Task directions - Reproduce the listing that follows word for word, without its pictures.

Data segment -
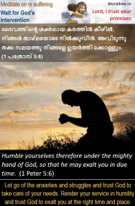 ദൈവത്തിന്റെ ശക്തമായ കരത്തിന്കീഴില്, നിങ്ങള് താഴ്മയോടെ നില്ക്കുവിന്. അവിടുന്നു തക്കസമയത്തു നിങ്ങളെ ഉയര്ത്തിക്കൊള്ളും. (1 പത്രോസ് 5:6) | Humble yourselves therefore under the mighty hand of God, so that he may exalt you in due time. (1 Peter 5:6)
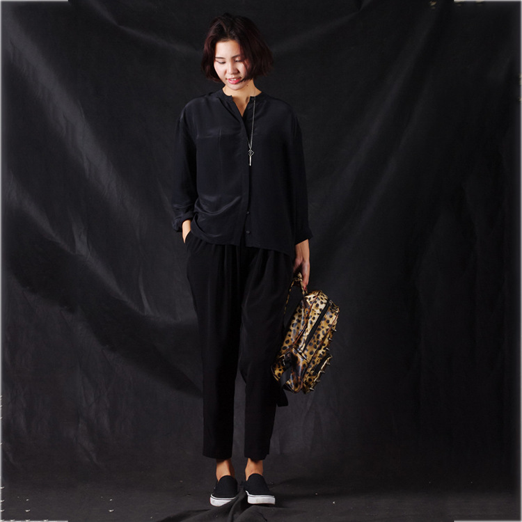 女裝2015秋冬歐美時尚襯衣 圓領(lǐng)純長袖真絲連體女襯衫批發(fā) /
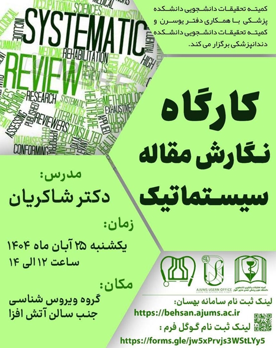 ⭕️ کمیته تحقیقات دانشجویی دانشکده پزشکی با همکاری دفتر یوسرن و کمیته تحقیقات دانشجویی دانشکده دندانپزشکی دانشگاه علوم پزشکی جندی شاپور اهواز برگزار میکند : ⭕️
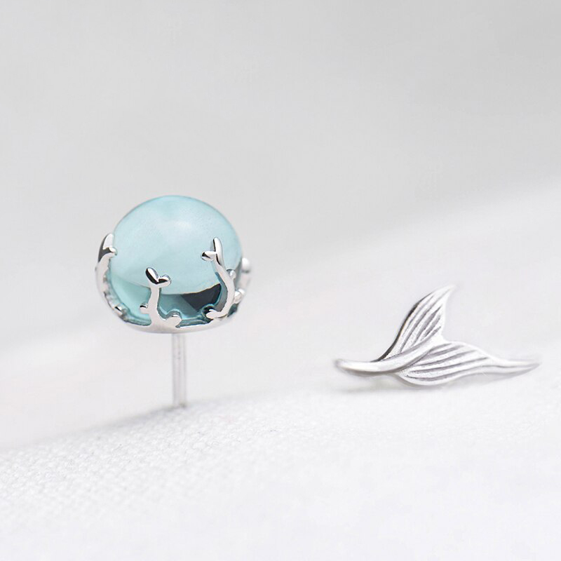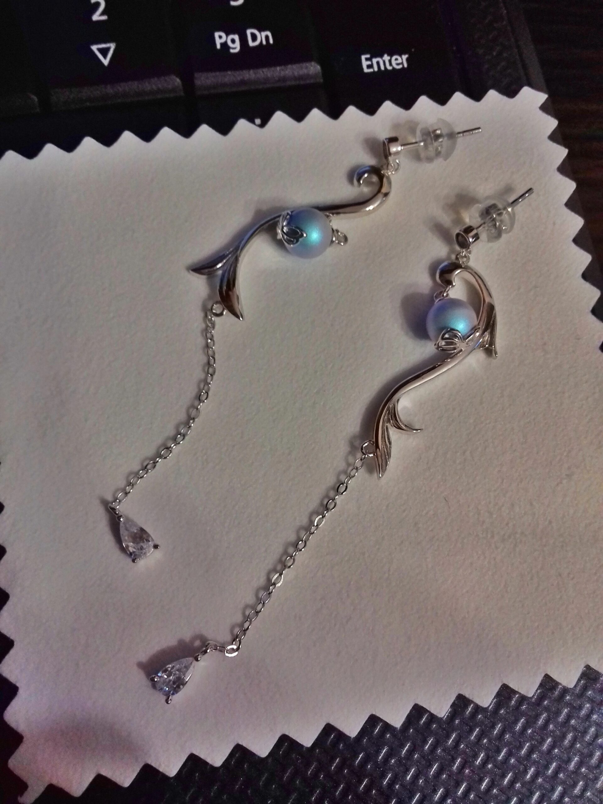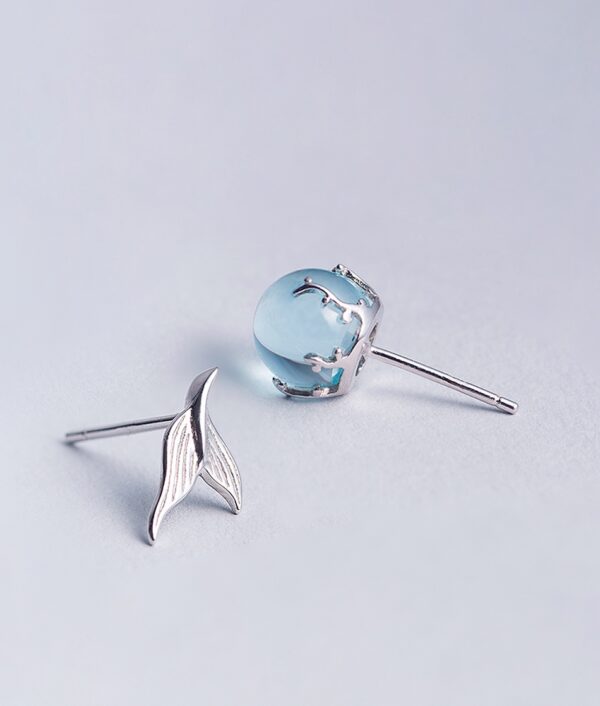 A sellőnek csak az uszonya csillan meg a fényben, amikor alábukik az óceán mélyére. Ezt a tűnékeny, varázslatos pillanatot örökíti meg a gondosan kidolgozott fülbevaló.

Answer area -
 ദൈവത്തിന്റെ ശക്തമായ കരത്തിന്കീഴില്, നിങ്ങള് താഴ്മയോടെ നില്ക്കുവിന്. അവിടുന്നു തക്കസമയത്തു നിങ്ങളെ ഉയര്ത്തിക്കൊള്ളും. (1 പത്രോസ് 5:6) | Humble yourselves therefore under the mighty hand of God, so that he may exalt you in due time. (1 Peter 5:6)
 女裝2015秋冬歐美時尚襯衣 圓領(lǐng)純長袖真絲連體女襯衫批發(fā) /
 ⭕️ کمیته تحقیقات دانشجویی دانشکده پزشکی با همکاری دفتر یوسرن و کمیته تحقیقات دانشجویی دانشکده دندانپزشکی دانشگاه علوم پزشکی جندی شاپور اهواز برگزار میکند : ⭕️
 A sellőnek csak az uszonya csillan meg a fényben, amikor alábukik az óceán mélyére. Ezt a tűnékeny, varázslatos pillanatot örökíti meg a gondosan kidolgozott fülbevaló.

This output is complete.